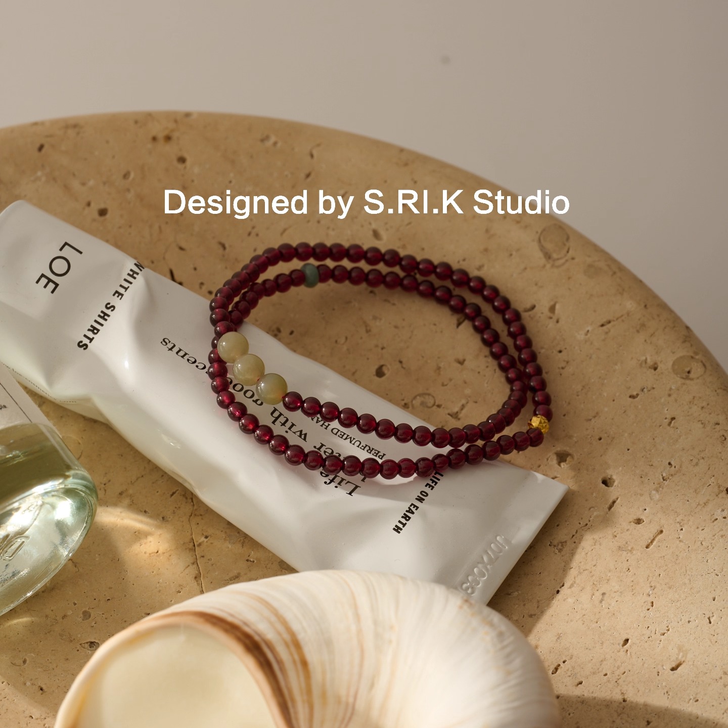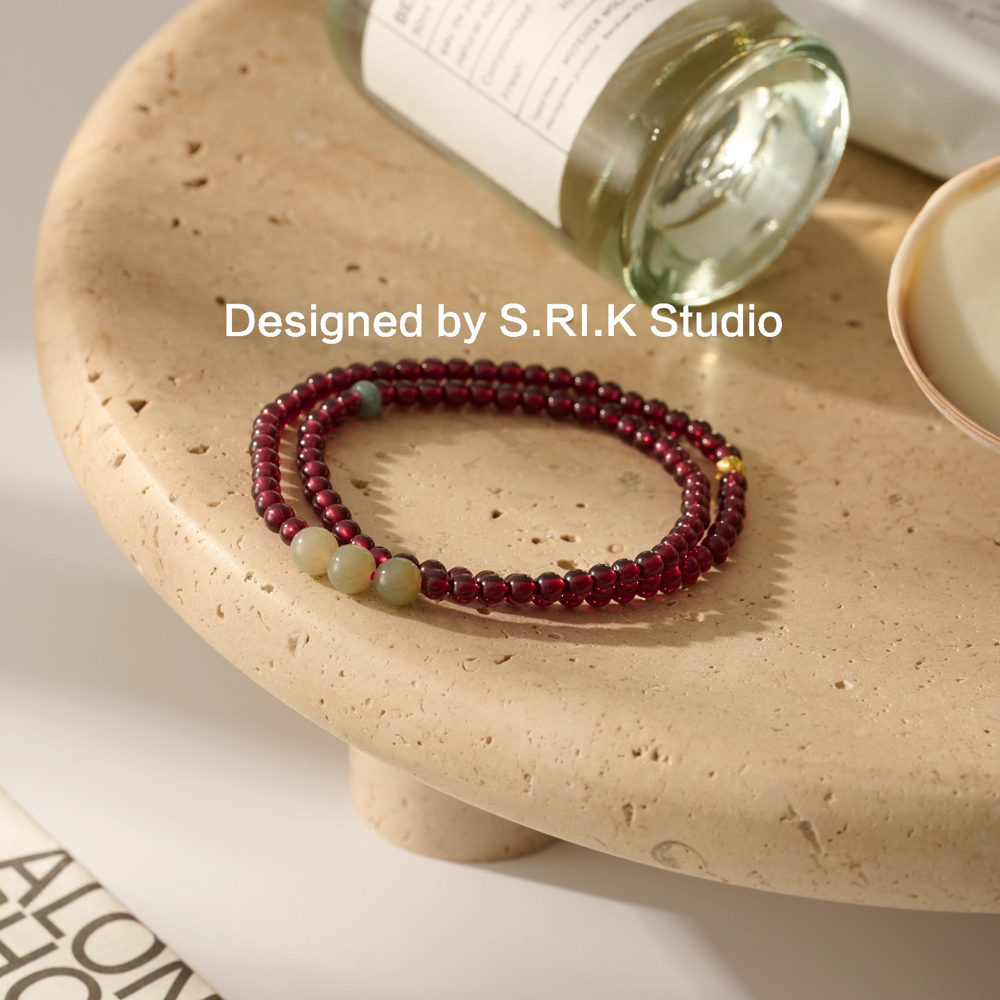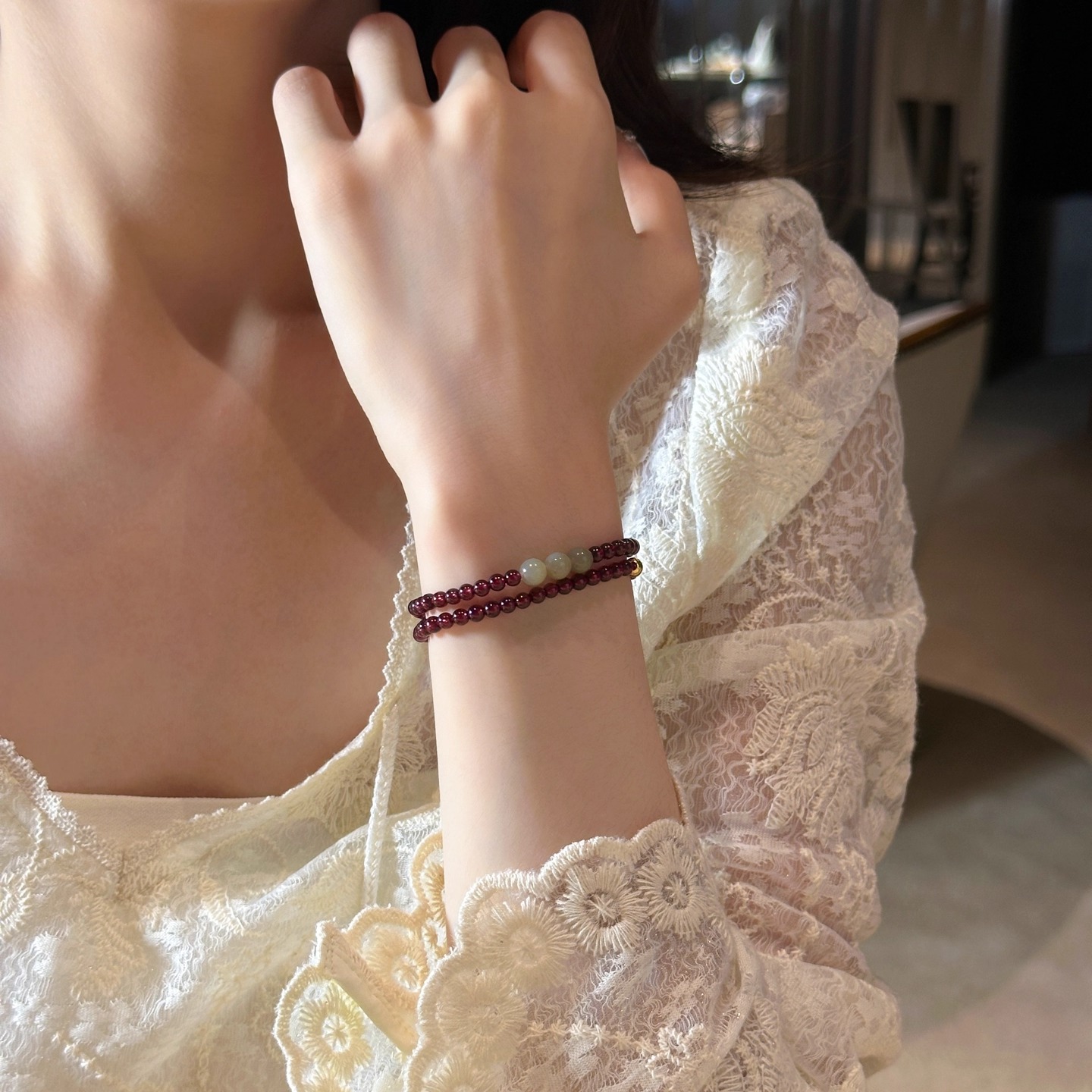十里间【石榴石】文艺小清新天然石和田玉手链百搭少女手串
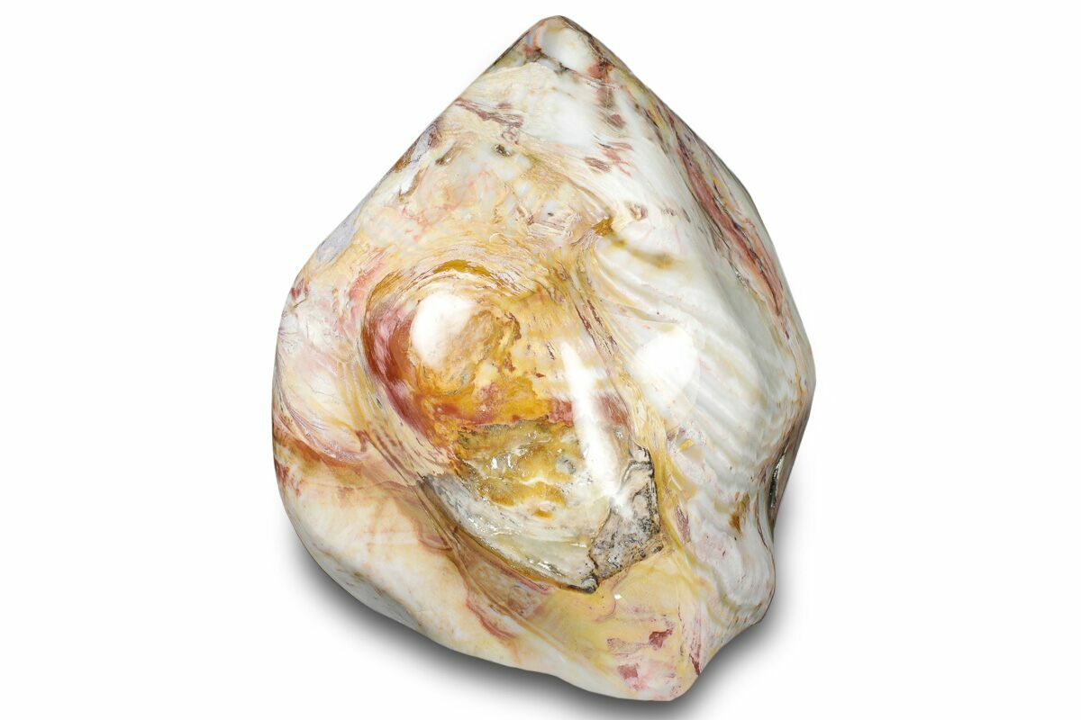 This is a beautifully crafted, 9.1" tall polished free-standing sculpture made out of jasper from Madagascar. It features a host of pastel colors, as well as pockets of agate and quartz.
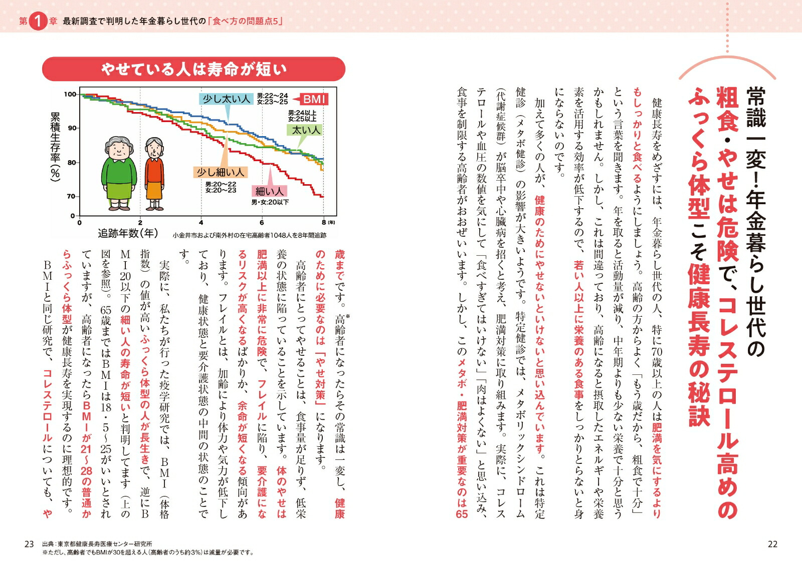 年金暮らしになると心配な「お金」と「健康」。そんな悩みを解消するために、年収が少なくても元気にイキイキと長生きできるご飯の食べ方のコツをご紹介します。シニアになると、過栄養を防ぐ中高年のメタボ対策の食事から一転し、栄養不足を防ぐことが最重要です。本書では、お金をかけずに、できるだけ簡単に栄養をとるには、何を、どれだけ食べればいいのかを女子栄養大学の教授がわかりやすく解説しています。親の食事や体力が心配という方にも、贈り物としておすすめです。【巻頭】年金暮らし世代が知らぬまに続けている「間違いだらけの食べ方」総チェック【第1章】糖尿病・高血圧・慢性腎臓病・骨粗鬆症から認知症・うつ・要介護まで招き寿命も短縮!最新調査で判明した年金暮らし世代の「食べ方の問題点5」【第2章】老いるも若返るも食べ方がすべて!年金暮らし世代の食べ方の問題点を一掃し健康長寿を実現する「食べ方の基本原則と解決策5」【第3章】栄養計算しなくてOK!意識するだけで栄養バランスが自然と整う!すごく便利でシンプルな食べ方「さあ、にぎやかいただく」【祭4章】安い食費で手間ひまかけずに「さあ、にぎやかいただく」を実現する買い物と食べ方のコツ【第5章】7点以上とるのは実は簡単!「さあ、にぎやかいただく」が実現できるシンプルな10点満点1週間献立【付録シート】冷蔵庫に貼って使いたい!「さあ、にぎやかいただく」チェックシート+1ヵ月栄養満点カレンダー
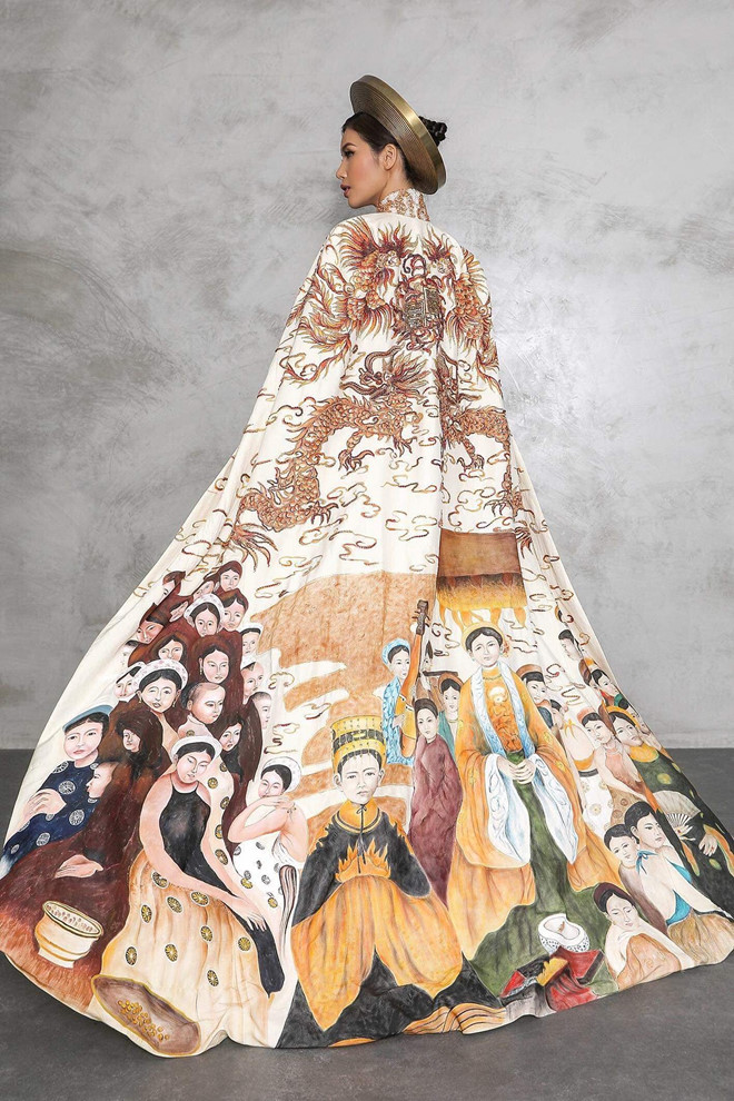 Thế nhưng, đây lại là sáng tạo từng được Trương Thị May diện vào năm 2017. Đảm nhận vị trí vedette, á hậu còn khiến công chúng thích thú với màn “hóa trang” thành cụ Hai Xong của mình.
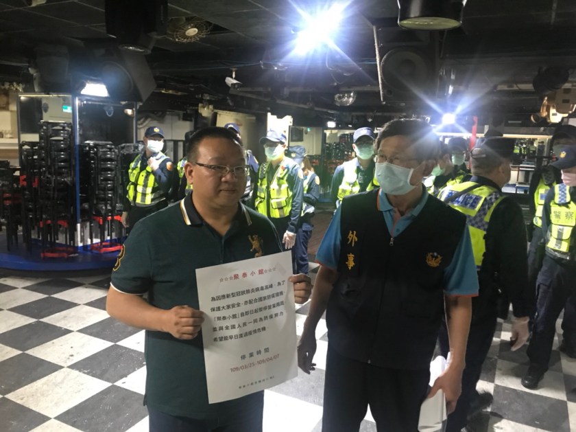 桃園市政府中壢警分局於3月25日晚間實施擴大臨檢,警方表示為落實政府防疫政策,本次勤務為針對轄內KTV、酒店、夜店、外籍移工舞廳加強道德勸說並宣導社會責任,讓前述娛樂場所業者在目前非常時期能夠願意自主暫停營業14日,讓民眾群聚感染機會降到最低。中壢警方表示,目前中壢地區計有1間夜店、2間外籍移工舞廳及3間酒店,共6間娛樂場所業者願意配合政府防疫政策自主停業14日。
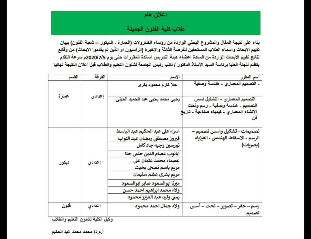 An important announcement for the students of the department of decoration
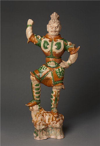Earthenware Lokhapala on a recumbent bull from Tang Dynasty (618-906). [Photo provided to China Daily] |

_Your task:_ Retype the data above verbatim, minus images.

_Exercise answer:_
十里间【石榴石】文艺小清新天然石和田玉手链百搭少女手串
 This is a beautifully crafted, 9.1" tall polished free-standing sculpture made out of jasper from Madagascar. It features a host of pastel colors, as well as pockets of agate and quartz.
 年金暮らしになると心配な「お金」と「健康」。そんな悩みを解消するために、年収が少なくても元気にイキイキと長生きできるご飯の食べ方のコツをご紹介します。シニアになると、過栄養を防ぐ中高年のメタボ対策の食事から一転し、栄養不足を防ぐことが最重要です。本書では、お金をかけずに、できるだけ簡単に栄養をとるには、何を、どれだけ食べればいいのかを女子栄養大学の教授がわかりやすく解説しています。親の食事や体力が心配という方にも、贈り物としておすすめです。【巻頭】年金暮らし世代が知らぬまに続けている「間違いだらけの食べ方」総チェック【第1章】糖尿病・高血圧・慢性腎臓病・骨粗鬆症から認知症・うつ・要介護まで招き寿命も短縮!最新調査で判明した年金暮らし世代の「食べ方の問題点5」【第2章】老いるも若返るも食べ方がすべて!年金暮らし世代の食べ方の問題点を一掃し健康長寿を実現する「食べ方の基本原則と解決策5」【第3章】栄養計算しなくてOK!意識するだけで栄養バランスが自然と整う!すごく便利でシンプルな食べ方「さあ、にぎやかいただく」【祭4章】安い食費で手間ひまかけずに「さあ、にぎやかいただく」を実現する買い物と食べ方のコツ【第5章】7点以上とるのは実は簡単!「さあ、にぎやかいただく」が実現できるシンプルな10点満点1週間献立【付録シート】冷蔵庫に貼って使いたい!「さあ、にぎやかいただく」チェックシート+1ヵ月栄養満点カレンダー
 Thế nhưng, đây lại là sáng tạo từng được Trương Thị May diện vào năm 2017. Đảm nhận vị trí vedette, á hậu còn khiến công chúng thích thú với màn “hóa trang” thành cụ Hai Xong của mình.
 桃園市政府中壢警分局於3月25日晚間實施擴大臨檢,警方表示為落實政府防疫政策,本次勤務為針對轄內KTV、酒店、夜店、外籍移工舞廳加強道德勸說並宣導社會責任,讓前述娛樂場所業者在目前非常時期能夠願意自主暫停營業14日,讓民眾群聚感染機會降到最低。中壢警方表示,目前中壢地區計有1間夜店、2間外籍移工舞廳及3間酒店,共6間娛樂場所業者願意配合政府防疫政策自主停業14日。
 An important announcement for the students of the department of decoration
Earthenware Lokhapala on a recumbent bull from Tang Dynasty (618-906). [Photo provided to China Daily] |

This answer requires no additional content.